Collected data entries:
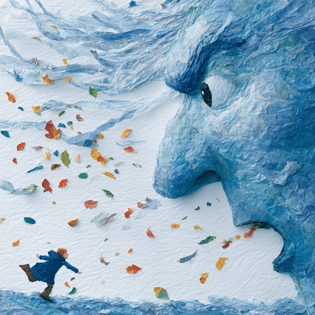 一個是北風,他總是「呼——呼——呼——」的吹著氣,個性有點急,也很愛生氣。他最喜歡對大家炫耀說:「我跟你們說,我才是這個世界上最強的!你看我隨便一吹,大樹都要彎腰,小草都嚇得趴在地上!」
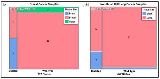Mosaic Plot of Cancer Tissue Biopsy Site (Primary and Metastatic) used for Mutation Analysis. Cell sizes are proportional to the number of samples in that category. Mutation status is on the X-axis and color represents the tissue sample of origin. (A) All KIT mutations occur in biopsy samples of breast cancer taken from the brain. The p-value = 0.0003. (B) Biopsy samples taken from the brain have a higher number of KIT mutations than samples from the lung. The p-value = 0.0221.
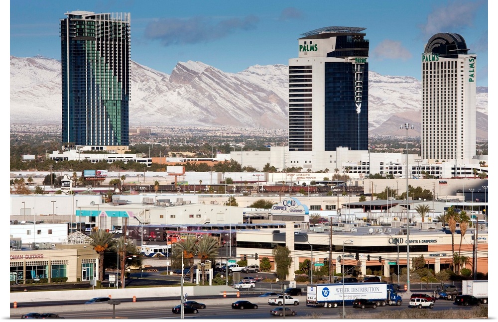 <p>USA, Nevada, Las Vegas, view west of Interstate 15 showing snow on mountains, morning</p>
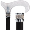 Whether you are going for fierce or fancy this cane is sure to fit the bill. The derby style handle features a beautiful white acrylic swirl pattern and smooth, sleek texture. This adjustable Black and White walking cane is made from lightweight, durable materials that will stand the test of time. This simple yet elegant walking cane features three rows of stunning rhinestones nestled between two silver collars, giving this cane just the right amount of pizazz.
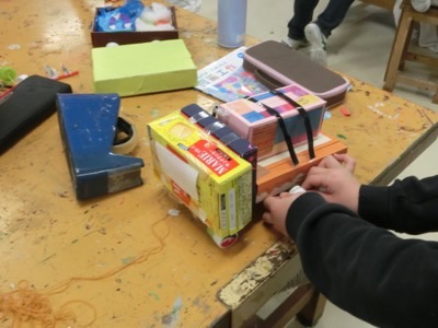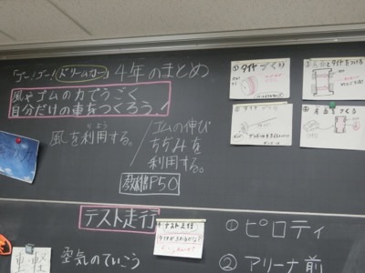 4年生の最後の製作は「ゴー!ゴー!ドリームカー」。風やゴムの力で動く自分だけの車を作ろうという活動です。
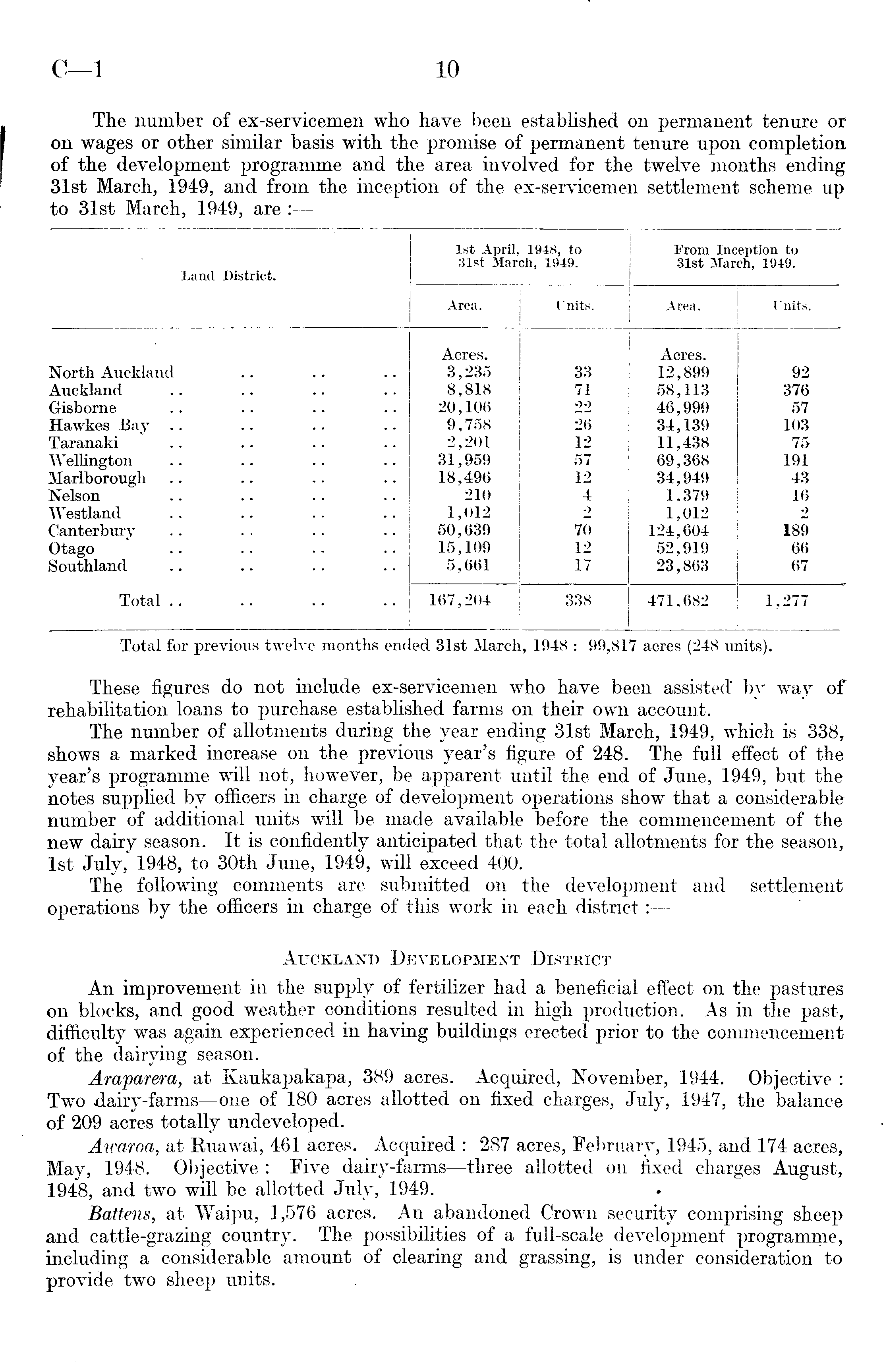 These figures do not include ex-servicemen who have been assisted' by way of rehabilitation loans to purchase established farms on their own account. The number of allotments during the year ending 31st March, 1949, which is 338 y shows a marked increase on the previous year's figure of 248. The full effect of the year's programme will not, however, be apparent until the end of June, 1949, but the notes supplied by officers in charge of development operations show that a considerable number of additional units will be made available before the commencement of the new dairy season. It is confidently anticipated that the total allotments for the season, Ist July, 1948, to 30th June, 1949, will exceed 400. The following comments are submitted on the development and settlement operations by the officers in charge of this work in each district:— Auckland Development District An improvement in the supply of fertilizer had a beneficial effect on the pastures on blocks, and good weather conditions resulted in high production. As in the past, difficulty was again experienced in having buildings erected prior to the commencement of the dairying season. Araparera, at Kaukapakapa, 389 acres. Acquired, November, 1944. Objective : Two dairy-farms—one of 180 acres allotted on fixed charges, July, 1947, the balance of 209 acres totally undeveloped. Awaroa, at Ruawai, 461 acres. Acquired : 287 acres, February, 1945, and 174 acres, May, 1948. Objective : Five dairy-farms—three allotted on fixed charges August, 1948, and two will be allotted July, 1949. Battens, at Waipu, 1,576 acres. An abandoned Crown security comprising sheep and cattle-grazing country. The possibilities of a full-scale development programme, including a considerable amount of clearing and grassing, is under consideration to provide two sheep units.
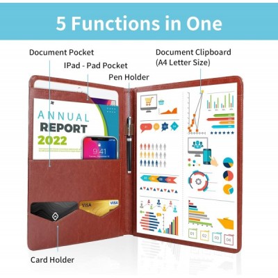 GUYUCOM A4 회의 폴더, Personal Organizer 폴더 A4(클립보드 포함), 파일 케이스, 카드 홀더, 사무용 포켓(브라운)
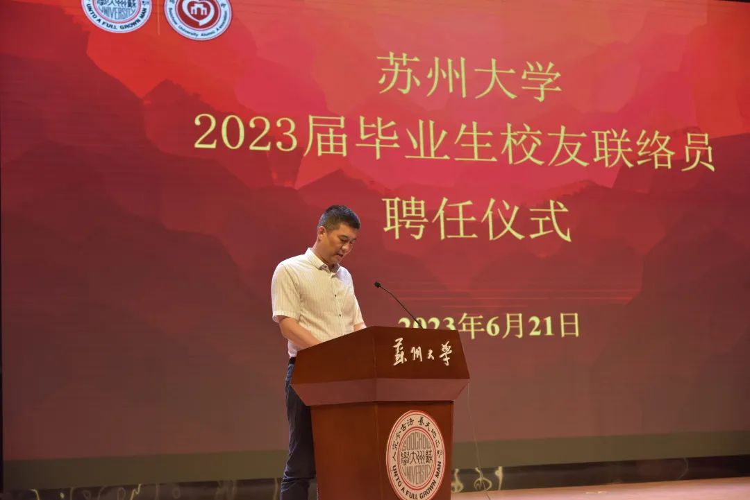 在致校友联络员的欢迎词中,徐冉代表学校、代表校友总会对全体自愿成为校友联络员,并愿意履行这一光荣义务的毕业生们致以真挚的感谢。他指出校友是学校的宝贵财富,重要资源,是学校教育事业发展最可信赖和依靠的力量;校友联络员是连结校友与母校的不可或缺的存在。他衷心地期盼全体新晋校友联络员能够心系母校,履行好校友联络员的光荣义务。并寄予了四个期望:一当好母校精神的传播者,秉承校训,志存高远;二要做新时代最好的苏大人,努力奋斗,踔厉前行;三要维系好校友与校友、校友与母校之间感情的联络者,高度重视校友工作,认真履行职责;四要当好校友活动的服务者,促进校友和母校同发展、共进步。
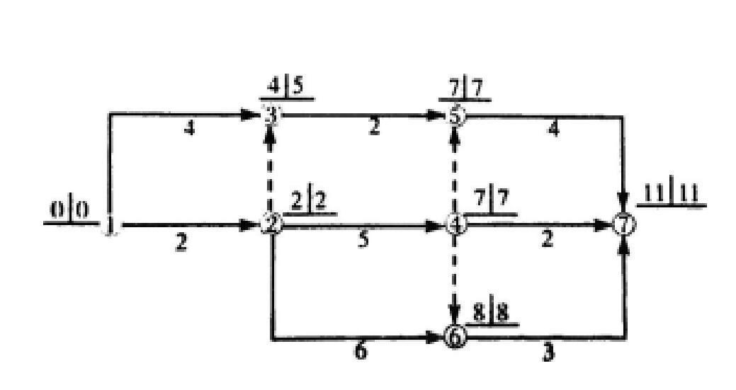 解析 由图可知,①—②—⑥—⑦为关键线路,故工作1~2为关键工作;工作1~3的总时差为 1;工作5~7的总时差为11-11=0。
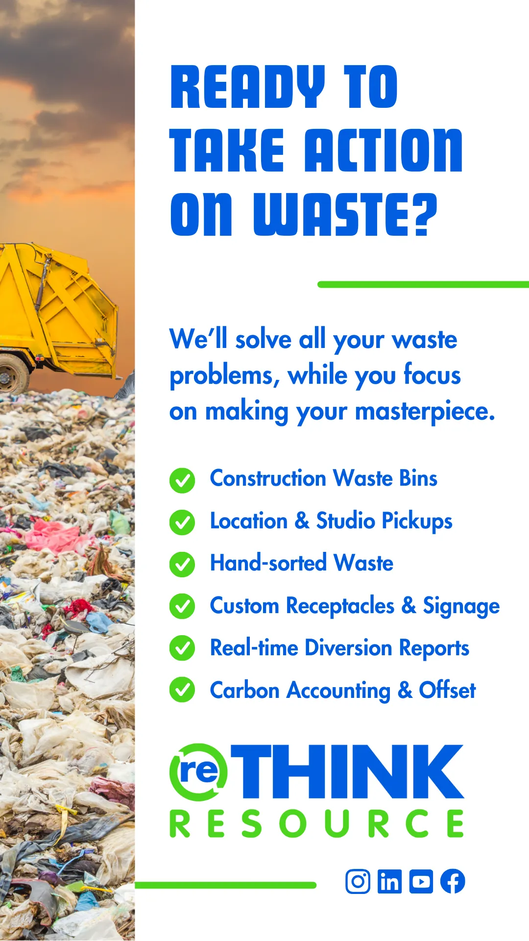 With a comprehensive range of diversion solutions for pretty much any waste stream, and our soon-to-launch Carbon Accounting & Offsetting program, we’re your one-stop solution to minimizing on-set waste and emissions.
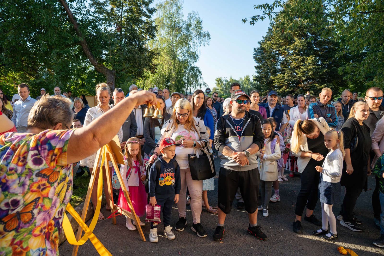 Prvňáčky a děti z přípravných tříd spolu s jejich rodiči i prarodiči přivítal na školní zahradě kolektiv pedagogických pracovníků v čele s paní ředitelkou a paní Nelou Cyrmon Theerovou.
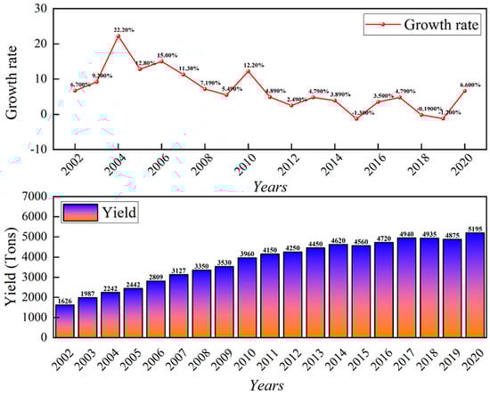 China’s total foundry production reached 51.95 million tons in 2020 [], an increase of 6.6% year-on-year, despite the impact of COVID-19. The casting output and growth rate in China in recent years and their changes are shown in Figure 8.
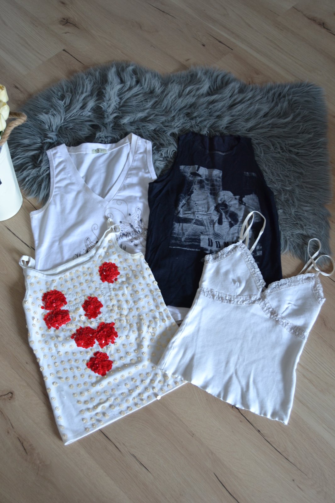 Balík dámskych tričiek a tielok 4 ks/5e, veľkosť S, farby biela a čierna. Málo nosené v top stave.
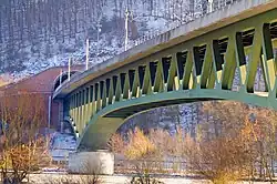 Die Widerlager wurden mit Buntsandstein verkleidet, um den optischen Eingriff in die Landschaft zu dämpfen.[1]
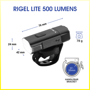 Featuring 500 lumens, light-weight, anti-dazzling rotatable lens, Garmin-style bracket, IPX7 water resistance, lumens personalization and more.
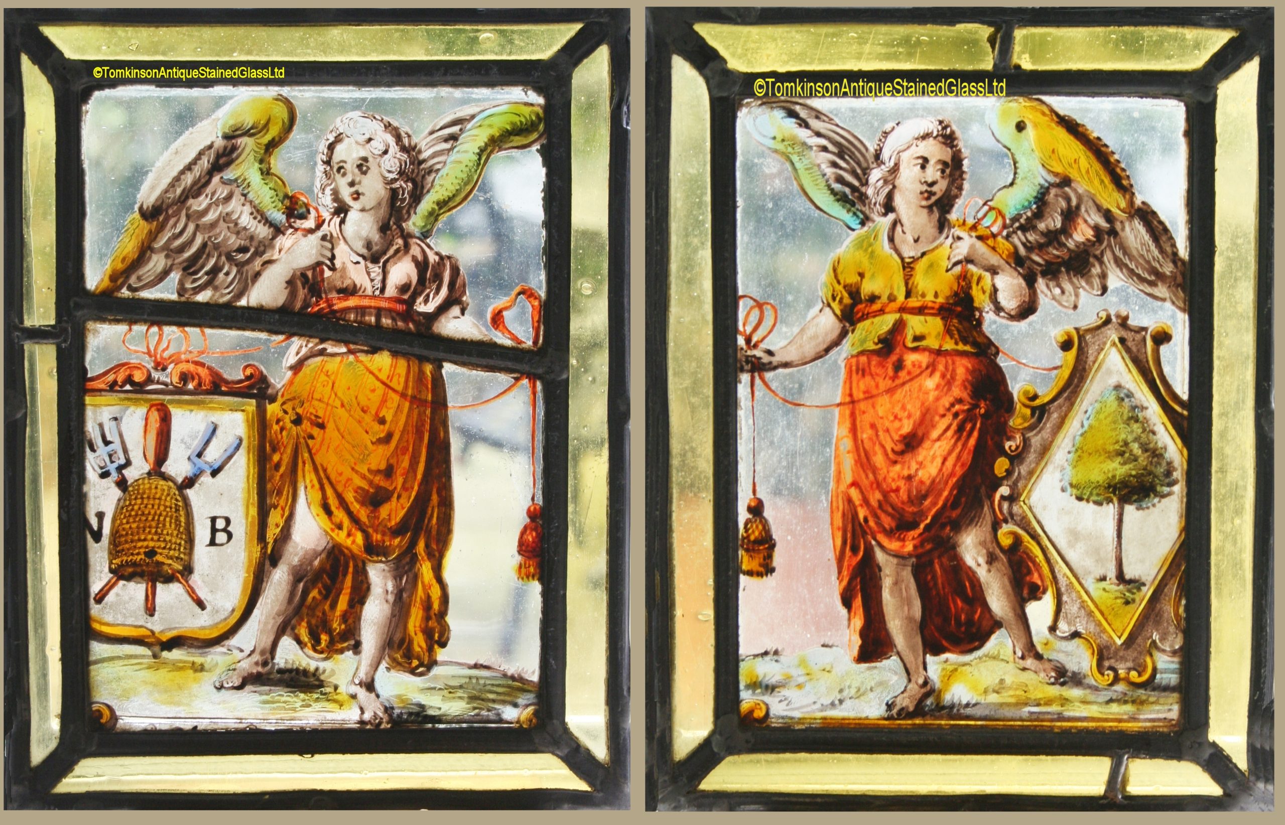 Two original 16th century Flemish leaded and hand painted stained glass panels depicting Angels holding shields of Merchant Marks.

EXERCISE
Please copy the lines above exactly, starting at the line that holds "GUYUCOM A4 회의" and ending at the line that holds "解析 由图可知,①—②—⑥—⑦为关键线路,故工作1~2为关键工作;工作1~3的总时差为 1;工作5~7的总时差为11-11=0。"; include both, but no pictures.

WRITTEN ANSWER
 GUYUCOM A4 회의 폴더, Personal Organizer 폴더 A4(클립보드 포함), 파일 케이스, 카드 홀더, 사무용 포켓(브라운)
 在致校友联络员的欢迎词中,徐冉代表学校、代表校友总会对全体自愿成为校友联络员,并愿意履行这一光荣义务的毕业生们致以真挚的感谢。他指出校友是学校的宝贵财富,重要资源,是学校教育事业发展最可信赖和依靠的力量;校友联络员是连结校友与母校的不可或缺的存在。他衷心地期盼全体新晋校友联络员能够心系母校,履行好校友联络员的光荣义务。并寄予了四个期望:一当好母校精神的传播者,秉承校训,志存高远;二要做新时代最好的苏大人,努力奋斗,踔厉前行;三要维系好校友与校友、校友与母校之间感情的联络者,高度重视校友工作,认真履行职责;四要当好校友活动的服务者,促进校友和母校同发展、共进步。
 解析 由图可知,①—②—⑥—⑦为关键线路,故工作1~2为关键工作;工作1~3的总时差为 1;工作5~7的总时差为11-11=0。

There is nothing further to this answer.